Think of Runnables as the building blocks of your LLM application. Just like how you can combine LEGO bricks in countless ways, you can mix and match Runnables to create increasingly sophisticated applications!



## LangGraph Based RAG

Now that we have a reasonable grasp of LCEL and the idea of Runnables - let's see how we can use LangGraph to build the same system!

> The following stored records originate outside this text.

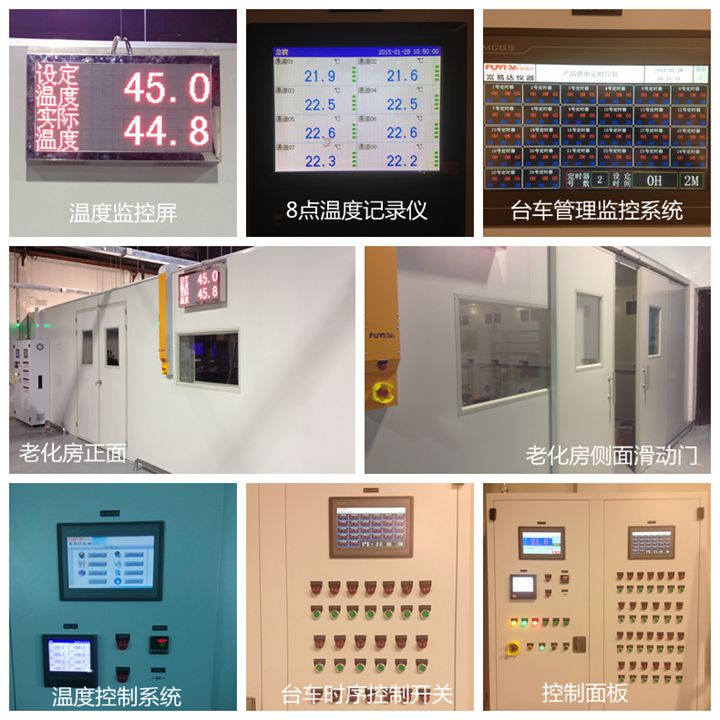 8.23、溫度顯示: a、10.2寸的觸摸屏顯示+2個22寸的LED顯示屏 b、老化總過程溫度自動控制 8.24、聲光報警系統:在老化房外設置設置蜂鳴器,音樂報警,指示老化房內運行狀態 8.25、產品老化過程及狀態監控 a、產品老化過程:當產品進入老化房產品上電后(每個插座設計獨立計時開關),操作人員按下計時器開關(狀態為開)開始計時,產品開始老化(此臺設備的老化進入計時狀態),老化時間到達,計時停止,外部控制面板相應的指示燈指示老化房老化完成。 b、老化狀態監控,在老化房內部線槽和老化房外部控制面板上,同步設計了產品老化的電源狀態指示燈(老化停止狀態、正在老化狀態) c、各個電源插座單獨計時的時序控制程序集成到控制觸摸屏內,增加獨立的PLC和計時控制切換的低壓電器控制箱。 |
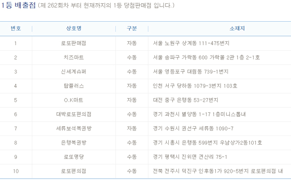 - 761회 로또 1등 당첨점은 어디?…자동4·수동3
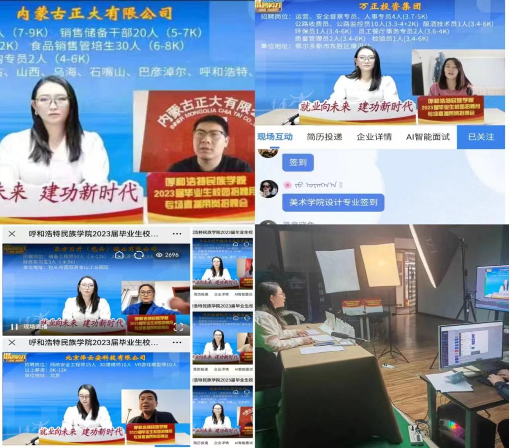为积极响应教育部、自治区教育厅“2023届高校毕业生校园招聘月”系列活动安排,12月10日下午,由学校主办,内蒙古启铭鑫人才科技发展有限公司承办的“就业向未来 建功新时代”—2023届高校毕业生专场 “直播带岗”活动成功举办。
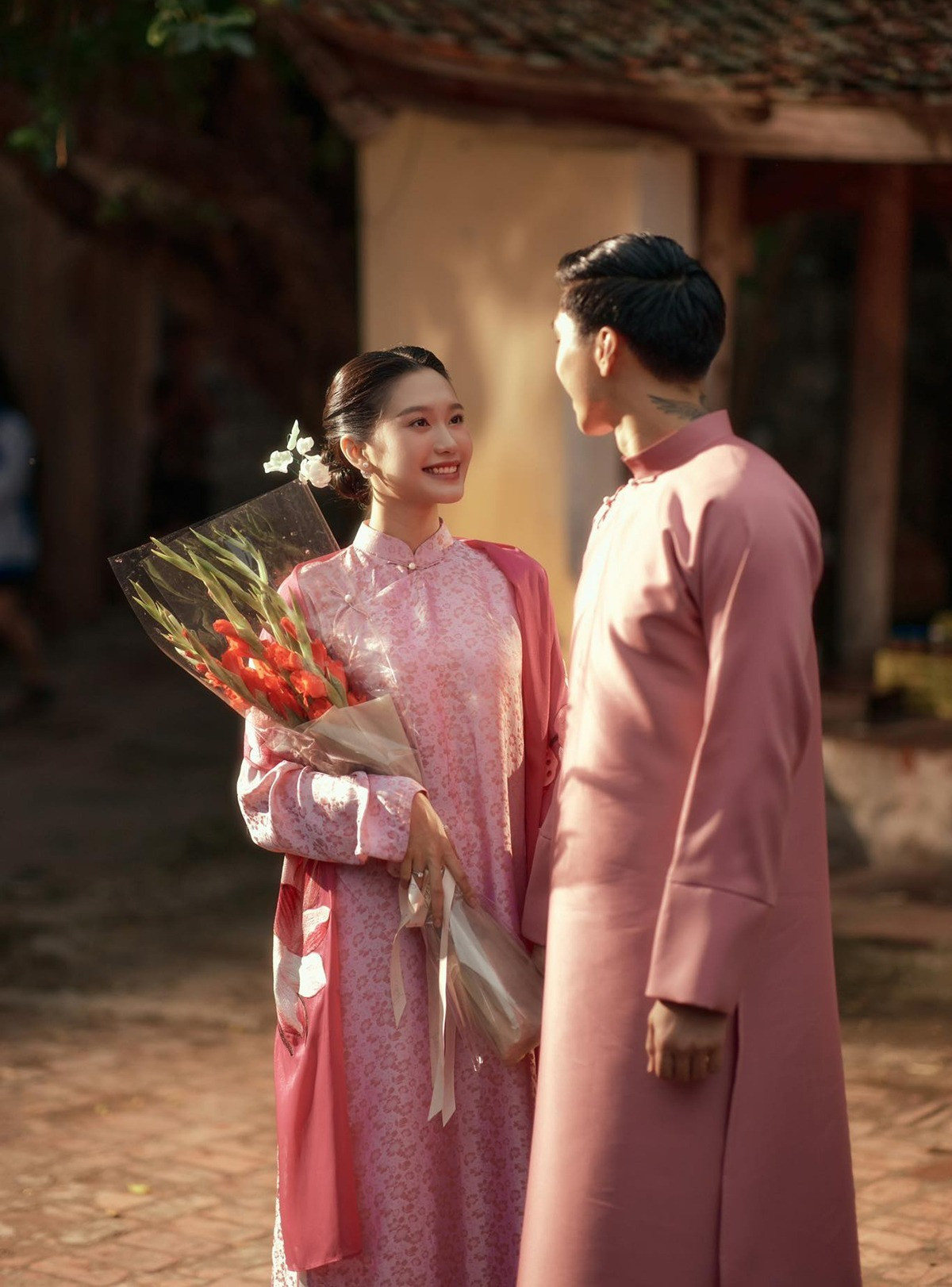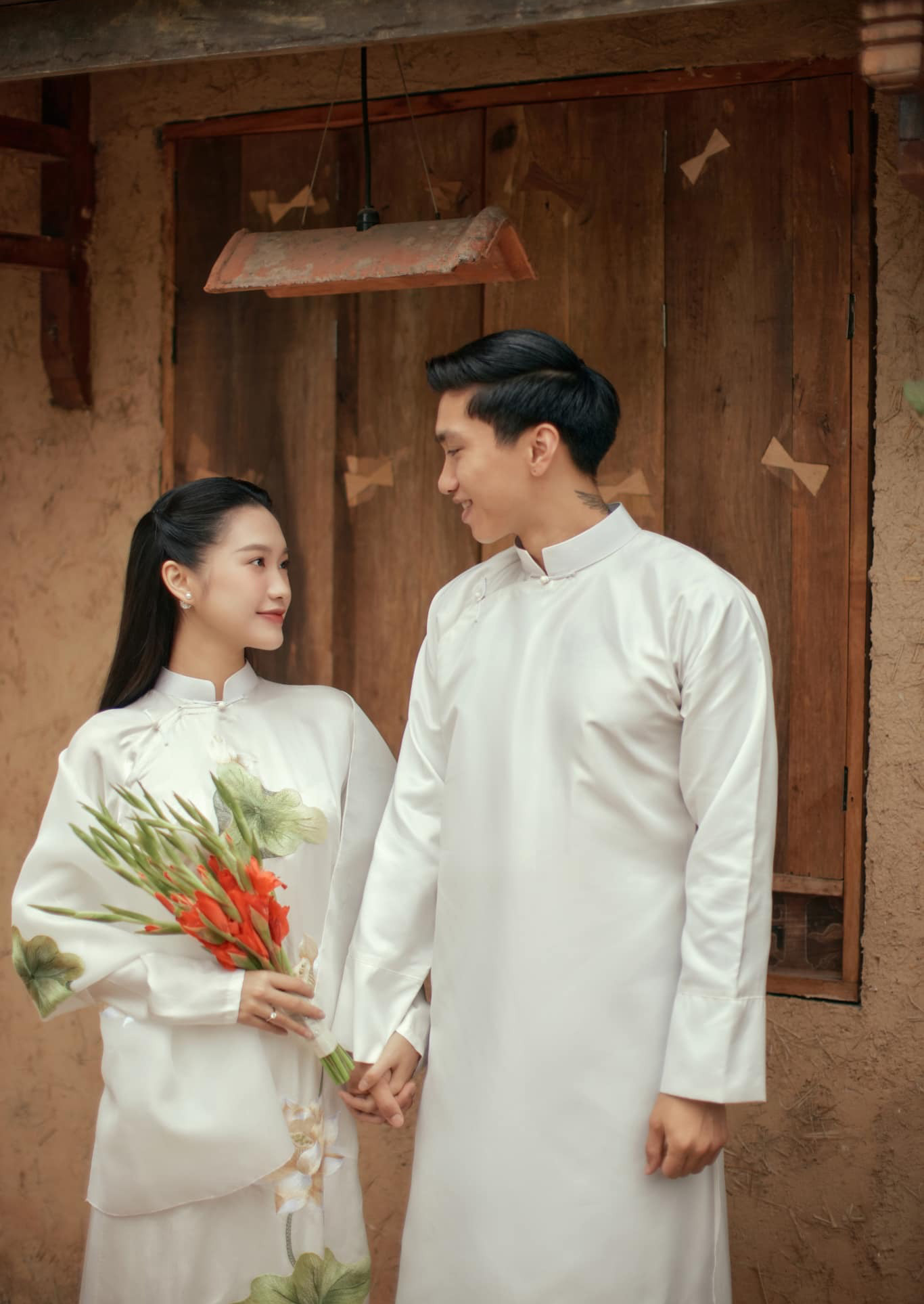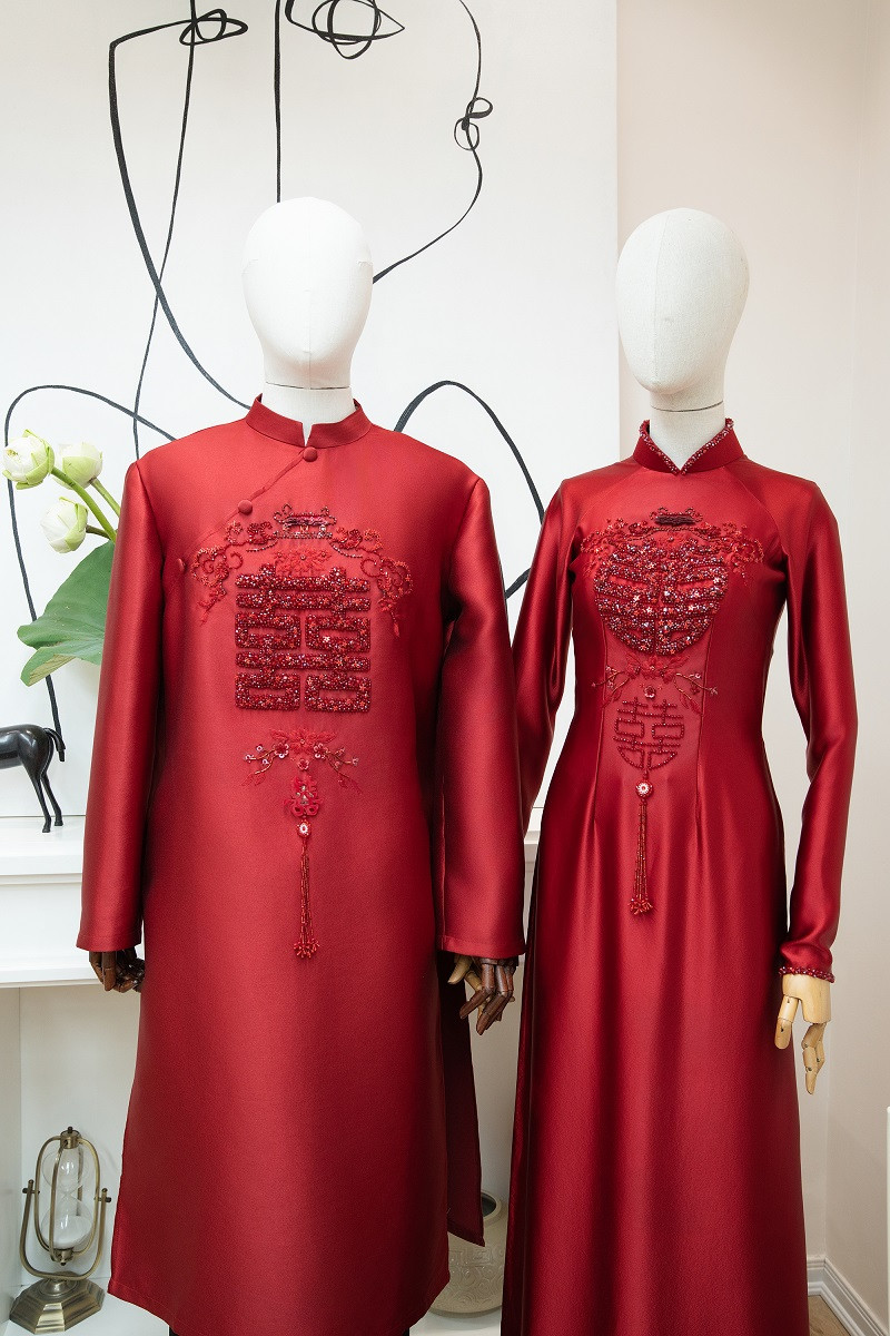Đoàn Văn Hậu và Doãn Hải My chọn màu đỏ truyền thống cho bộ áo dài quan trọng nhất khi làm lễ ăn hỏi. Cả hai chiếc áo đều có họa tiết mái nhà, thêu đính chữ hỷ, tượng trưng cho mái ấm ngọt ngào, hạnh phúc của cặp đôi.
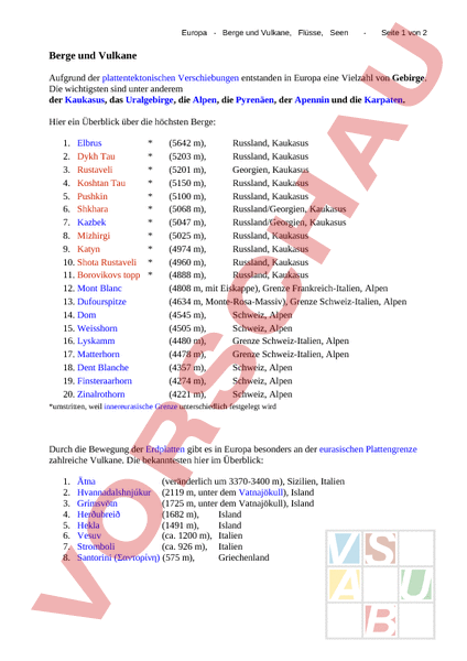 Arbeitsblatt: Europa: Berge-Vulkane-Seen-Flüsse
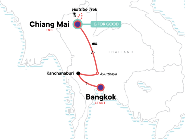 Don't just visit Thailand; find yourself on a once-in-a-lifetime, genuine cultural experience you'll talk about forever. This 10-day adventure throughout northern Thailand will give you amazing stories to share. Explore the ruins of the former Thai capital city of Ayutthaya, spend a night in a floating rafthouse, and take a local train up to vibrant and unforgettable Chiang Mai to trek into the hills surrounding the city. Get to know the people of the hilltribes who don't often get to meet travellers. This immersive experience will take you back to a simpler time that you might not want to leave.
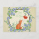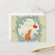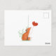 Animal themed postcard, showing a beautiful orange fox holding a red heart shaped balloon surrounded by nature. A holiday postcard can be mailed to friends and family or can be used for other purposes such as handouts to your holiday event or promotional cards.
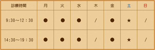 祝日のある週の木曜日 9:00~12:30/14:00~17:00
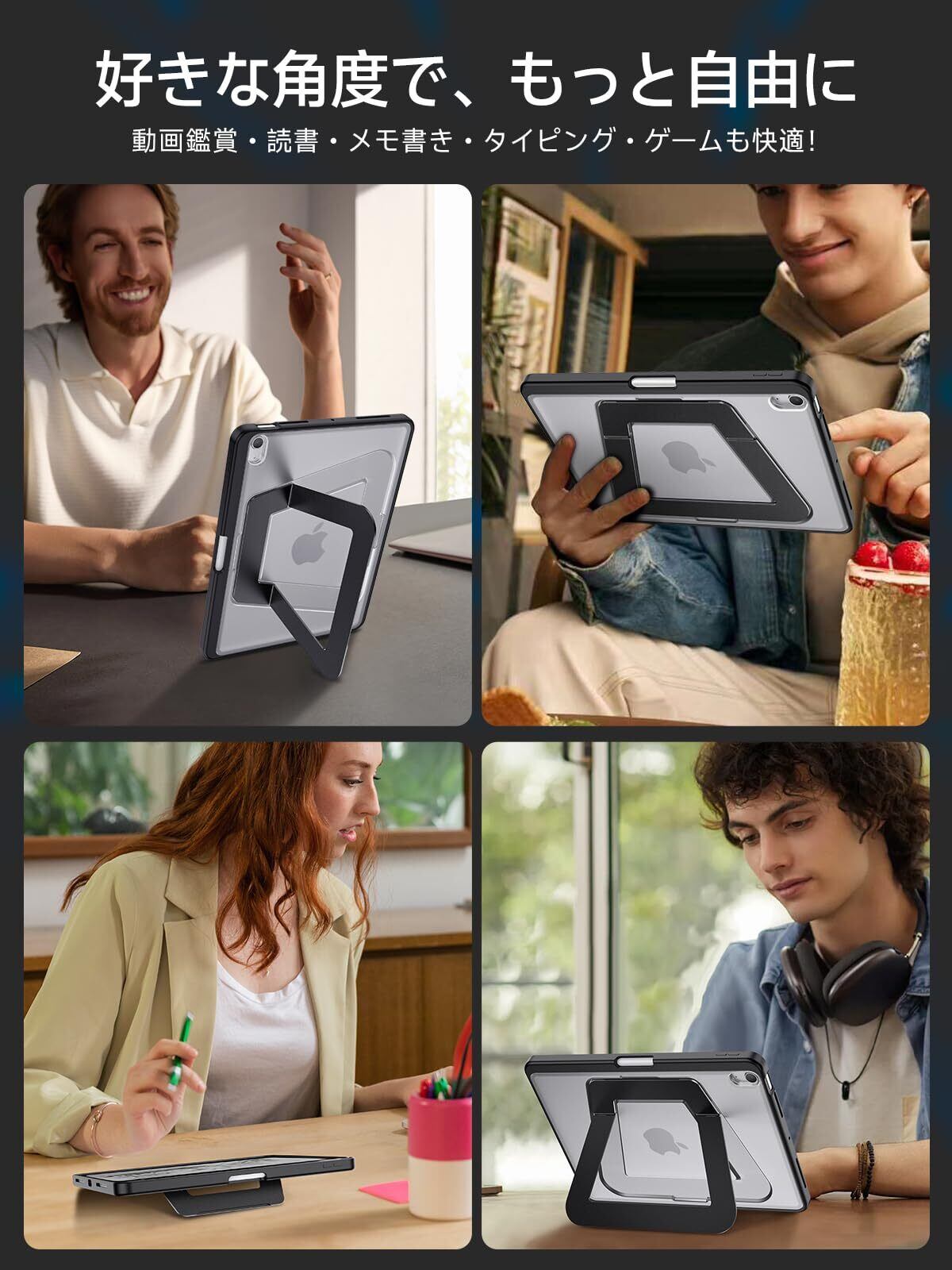 【在庫処分】【米軍MIL規格・縦置き/横置きスタンド】iPad A16 ケース 第11世代(2025)/第10世代(2022)対応 専用カバー アルミ調節式 縦横スタンド ペンシルホルダー付き 薄型 軽量 耐衝撃 半透明カバー (ブラック)
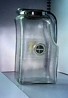 By 1918, the company's products (in addition to the lenses and lamps) were lantern globes, colored and crystal specialties, and food preservation ware such as canisters and fruit jars.[49] Around 1920, the company began making an interesting (but less important) product—a wall-mounted mail box. These mailboxes were made of glass, enabling one to easily see if mail had been delivered. Sneath employee William Chapman, working under the supervision of Ray Pruden, was granted a patent for the glass mailbox in 1921.[50][Note 7] Ray Pruden was superintendent of the factory, assuming that title after Henry Crimmel's stroke. William Chapman was a well-known glass blower who also secured a patent for an ash tray.[53] Employees of the company also patented other products, including a drawer pull,[54] a caster for furniture,[55] a newspaper receptacle,[56] and a chick feeding fount.[57] Years later, the glass mailbox was shown in Popular Mechanics magazine.[58]

### Primer: What is LangGraph?
LangGraph is a tool that leverages LangChain Expression Language to build coordinated multi-actor and stateful applications that includes cyclic behaviour.

#### Why Cycles?
In essence, we can think of a cycle in our graph as a more robust and customizable loop. It allows us to keep our application agent-forward while still giving the powerful functionality of traditional loops.

Due to the inclusion of cycles over loops, we can also compose rather complex flows through our graph in a much more readable and natural fashion. Effectively allowing us to recreate application flowcharts in code in an almost 1-to-1 fashion.

#### Why LangGraph?
Beyond the agent-forward approach - we can easily compose and combine traditional "DAG" (directed acyclic graph) chains with powerful cyclic behaviour due to the tight integration with LCEL. This means it's a natural extension to LangChain's core offerings!

> NOTE: We're going to focus on building a simple DAG for today's assignment as an introduction to LangGraph

### Putting the State in Stateful

Earlier we used this phrasing:

> coordinated multi-actor and stateful applications

So what does that "stateful" mean?

To put it simply - we want to have some kind of object which we can pass around our application that holds information about what the current situation (state) is. Since our system will be constructed of many parts moving in a coordinated fashion - we want to be able to ensure we have some commonly understood idea of that state.

LangGraph leverages a `StatefulGraph` which uses an `AgentState` object to pass information between the various nodes of the graph.

There are more options than what we'll see below - but this `AgentState` object is one that is stored in a `TypedDict` with the key `messages` and the value is a `Sequence` of `BaseMessages` that will be appended to whenever the state changes.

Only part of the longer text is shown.